Here’s a case in point. While looking for “dangerous truck” stories on the Internet, I came across Straightgoods.com. This is an excellent alternative news server published by Ish Theilheimer in Killaloe, Ont. (You might remember the site recently had a freelance reporter kidnapped and subsequently released in Afghanistan).

Two truck stories are posted on the Web site. The first is a verbatim press release from the Canadian Automobile Association, dated July 20 and titled “Big Trucks Less Safe than Trucking Industry Claims.” Nothing surprising here. This is typical CAA fare: four wheels, good – 18, bad.

But the second article, “CRASH ALERT, Will Dangerous Trucks be Unleashed on Canada’s Highways?” is a bit of a surprise.

The article exhorts readers to voice their opposition to multiple trailers (yet another issue that fascinates CRASH).

“So, what’s up, Ish?” I ask Theilheimer by email. “Straightgoods calls itself a watchdog for Canadian citizens and consumers, why don’t you mention CRASH is a railway-sponsored lobby group? Why the two slanted articles against trucking? Is Straightgoods anti-truck?”

The reply comes within an hour (it’s 3:00a.m.), “I call many truckers my friends and I’m not anti-truck. I’m anti-dead trucker,” writes Theilheimer.

“I am definitely concerned about regs allowing excessive work hours for truckers. CRASH doesn’t bother me. I like railroads, too. I’d welcome submissions from you on truck-related subjects. We encourage debate at SG. Please enter it!”

There you have it.

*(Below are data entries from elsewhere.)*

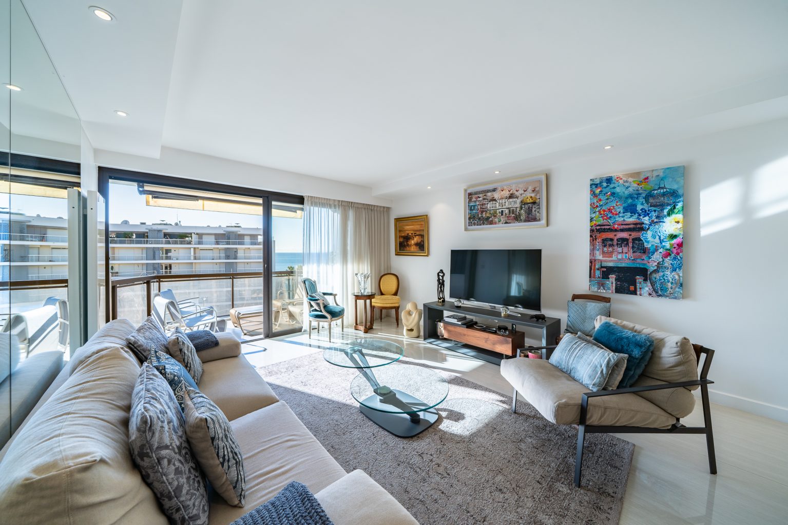L’appartement se compose d’un grand salon lumineux, ouvrant sur une terrasse avec une vue imprenable sur la mer et le Carlton, idéal pour profiter pleinement du cadre exceptionnel.
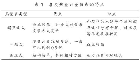目前供熱行業內使用的熱量計量儀表按工作原理主要分為超聲波式、 電磁式、 差壓式, 其特點見表 1 。 熱量計量儀表按結構可分為一體式和分體式, 一體式熱量表將一支入口或出口溫度傳感器嵌入到流量傳感器管道中, 并配有專門的計算器進行熱量計算; 分體式熱量表采用單獨的流量傳感器, 包括超聲波流量計、 電磁流量計、 差壓流量計、瀝青流量計等, 溫度測量采用單獨的鉑電阻溫度計或溫度變送器測量供回水管道溫度, 再配備熱量積算儀進行溫度和流量信號采集得到熱量值。
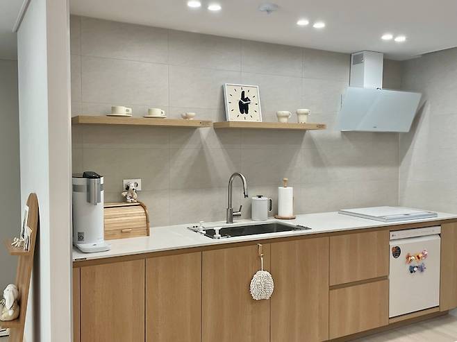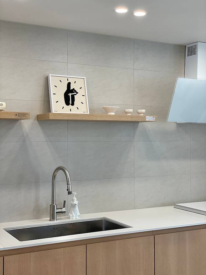 저희는 상부장을 없애 선반을 두고 베이지톤의 타일과 우드톤의 하부장으로 우드 인테리어로 진행했어요.
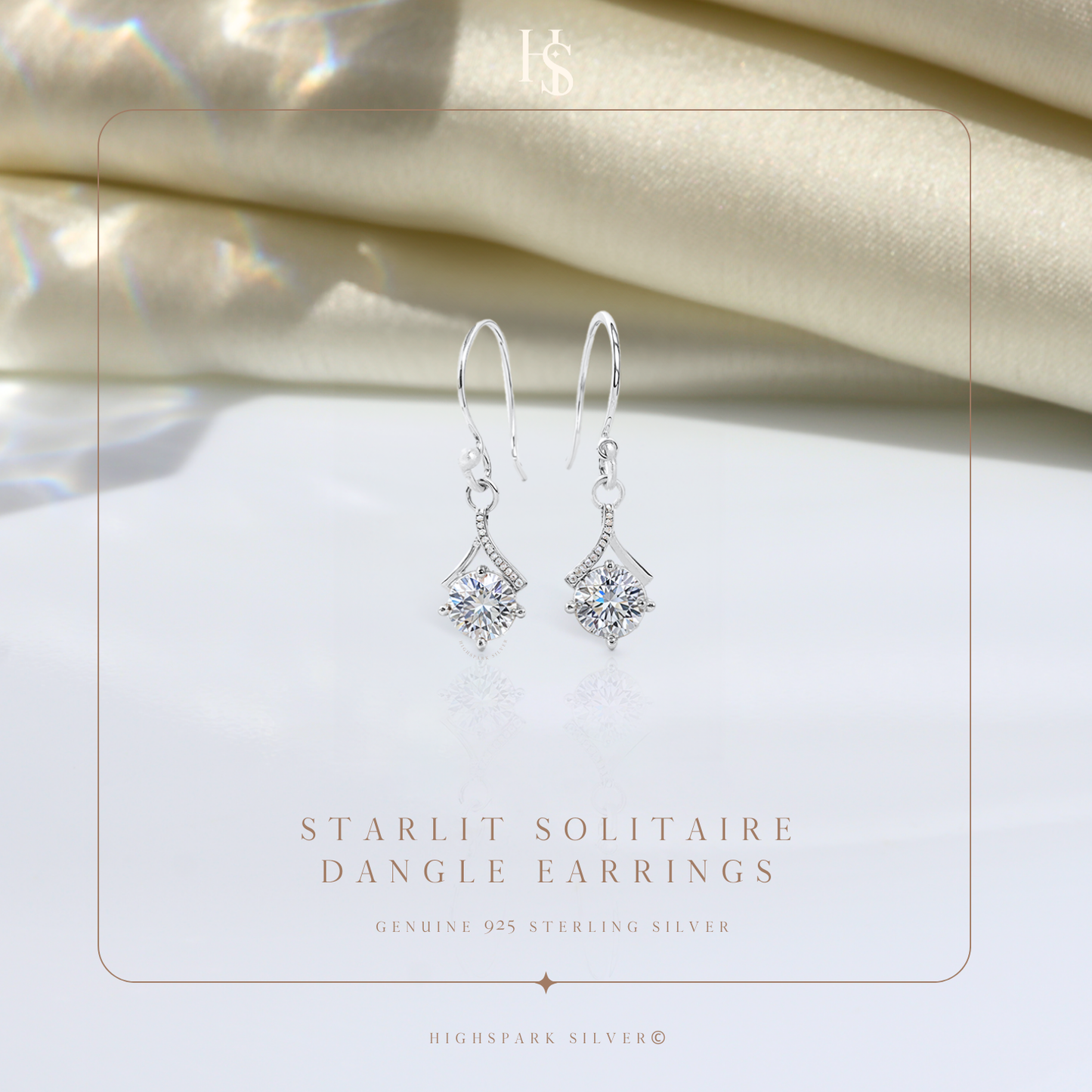 Starlit Solitaire Dangle Earrings in 92.5 Sterling Silver with Diamond like Brilliance Zirconia
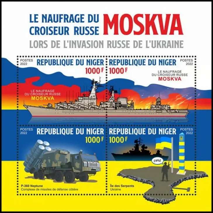 Как сообщается на сайте для коллекционеров Bomarka, вышло два блока - с одной маркой и с четырьмя - на которых изображен подбитый украинскими военными российский крейсер "Москва", остров Змеиный, ракетный комплекс "Нептун" и украинский воин, говорящий известную фразу о русском военном корабле. На сайте есть информация, что дата выпуска марок – 27 мая 2022 года.
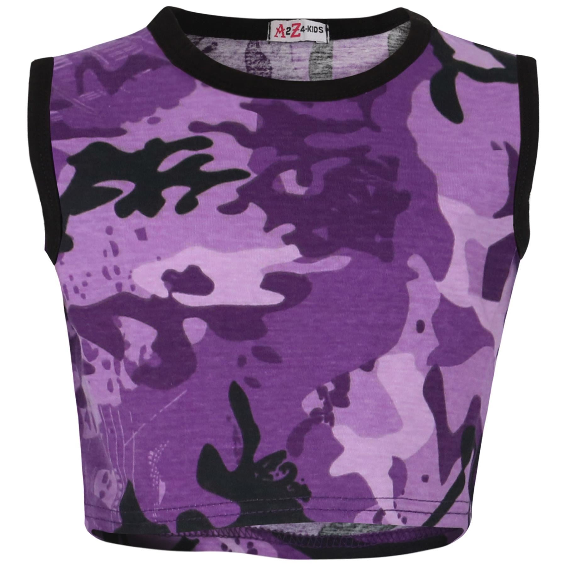 A2Z 4 Kids Girls Shorts Set 100% Cotton Contrast Taped Trendy Fashion Summer Camouflage Purple T Shirt Top and Hot Short Pants Outfit Set New Age 5 6 7 8 9 10 11 12 13 Years
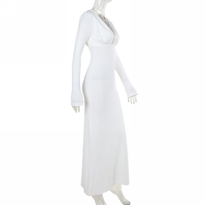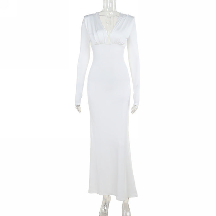 (Real Image)2024 Styles Women Elegant Fitted Deep V-Neck Long-Sleeve DressSKU: #XF92934-1
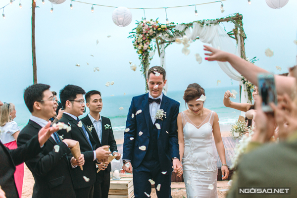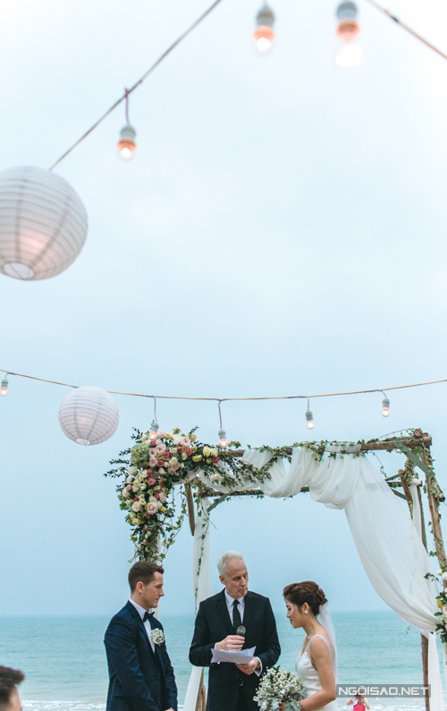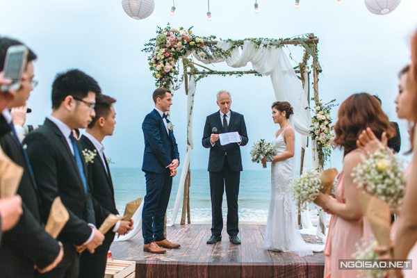 Tiệc cưới lãng mạn trên bãi biển của cô dâu Việt và chú rể Anh
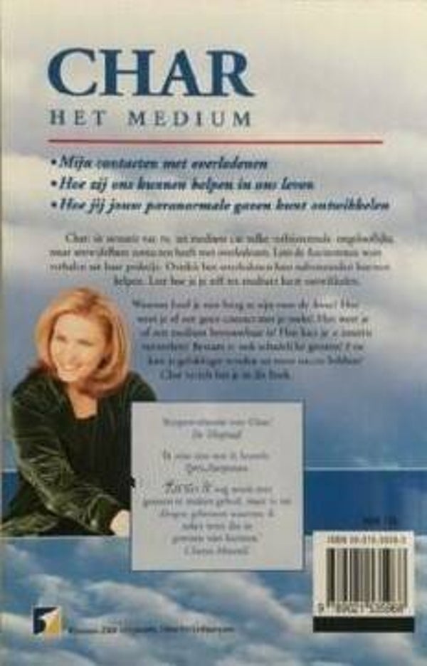 Char: de sensatie van tv, het medium dat zulke verbijsterende, ongelooflijke, maar ontwijfelbare contacten heeft met overledenen. Lees de fascinerende ware verhalen uit haar praktijk. Ontdek hoe overledenen hun nabestaanden kunnen helpen. Leer hoe je je zelf tot medium kunt ontwikkelen.
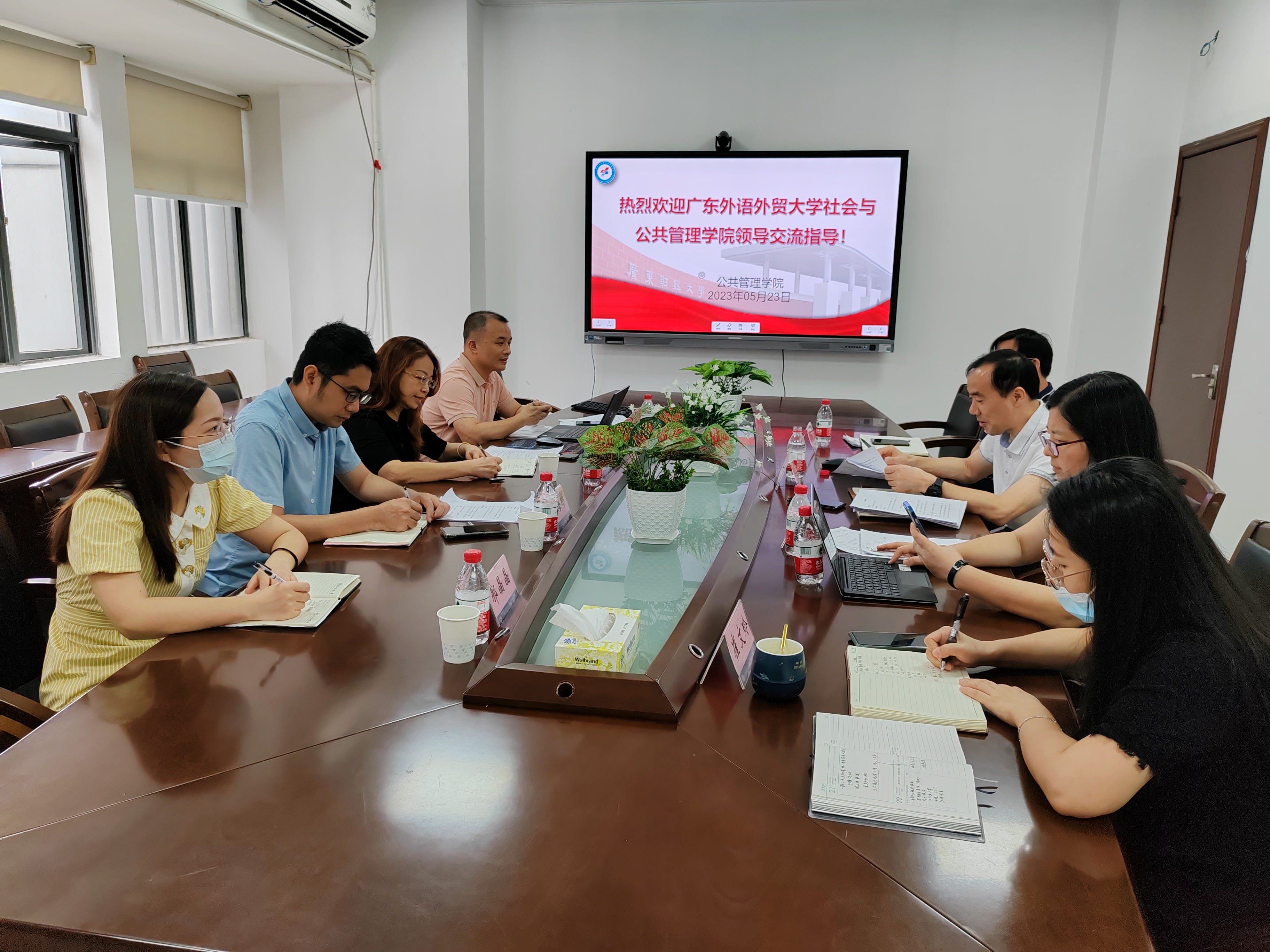 本网讯 5月23日上午,英国上市公司官网365院长涂斌、副院长费久浩、MPA教育中心主任林海彬、研究生工作办公室秘书郭晶晶等一行4人前往广东财经大学公共管理学院调研MPA高质量发展及人才培养与管理事宜,广东财经大学公共管理学院副院长(主持工作)姚军、副院长戴昌桥、MPA教育中心主任刘丁蓉、学科秘书崔文玲出席调研会。
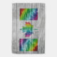This is a distressed, rustic Canada flag design in rainbow colours in place of the usual solid red and white. I created to appear as if the rainbow coloured Canadian maple leaf and colour block symbol was shallowly embossed in light grey distressed wood. Show your Pride all Summer long!

Over-the-road transport isn’t getting its story out and CRASH is finding the ears of the editors.

According to the Straightgoods article, the pro-rail group has contact numbers in 10 provinces and is organizing “citizens” to make presentations at public hearings.

The trucking lobby, meanwhile, has historically had trouble getting out of first gear, particularly on the O/O side of things.